The cups will be arranged in a circle and labeled *clockwise* (your puzzle input). For example, if your labeling were `32415`, there would be five cups in the circle; going clockwise around the circle from the first cup, the cups would be labeled `3`, `2`, `4`, `1`, `5`, and then back to `3` again.
Before the crab starts, it will designate the first cup in your list as the *current cup*. The crab is then going to do *100 moves*.
Each *move*, the crab does the following actions:
* The crab picks up the *three cups* that are immediately *clockwise* of the *current cup*. They are removed from the circle; cup spacing is adjusted as necessary to maintain the circle.
* The crab selects a *destination cup*: the cup with a *label* equal to the *current cup's* label minus one.

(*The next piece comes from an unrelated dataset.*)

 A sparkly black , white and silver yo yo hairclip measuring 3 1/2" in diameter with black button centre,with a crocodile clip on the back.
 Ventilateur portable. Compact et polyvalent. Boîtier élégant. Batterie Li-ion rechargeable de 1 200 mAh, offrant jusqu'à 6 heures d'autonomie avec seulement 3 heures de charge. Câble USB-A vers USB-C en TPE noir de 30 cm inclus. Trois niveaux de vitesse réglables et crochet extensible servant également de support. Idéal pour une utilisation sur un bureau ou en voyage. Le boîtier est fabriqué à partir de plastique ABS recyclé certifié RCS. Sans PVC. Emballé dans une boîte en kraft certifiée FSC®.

If this would select one of the cups that was just picked up, the crab will keep subtracting one until it finds a cup that wasn't just picked up. If at any point in this process the value goes below the lowest value on any cup's label, it *wraps around* to the highest value on any cup's label instead.
* The crab places the cups it just picked up so that they are *immediately clockwise* of the destination cup. They keep the same order as when they were picked up.
* The crab selects a new *current cup*: the cup which is immediately clockwise of the current cup.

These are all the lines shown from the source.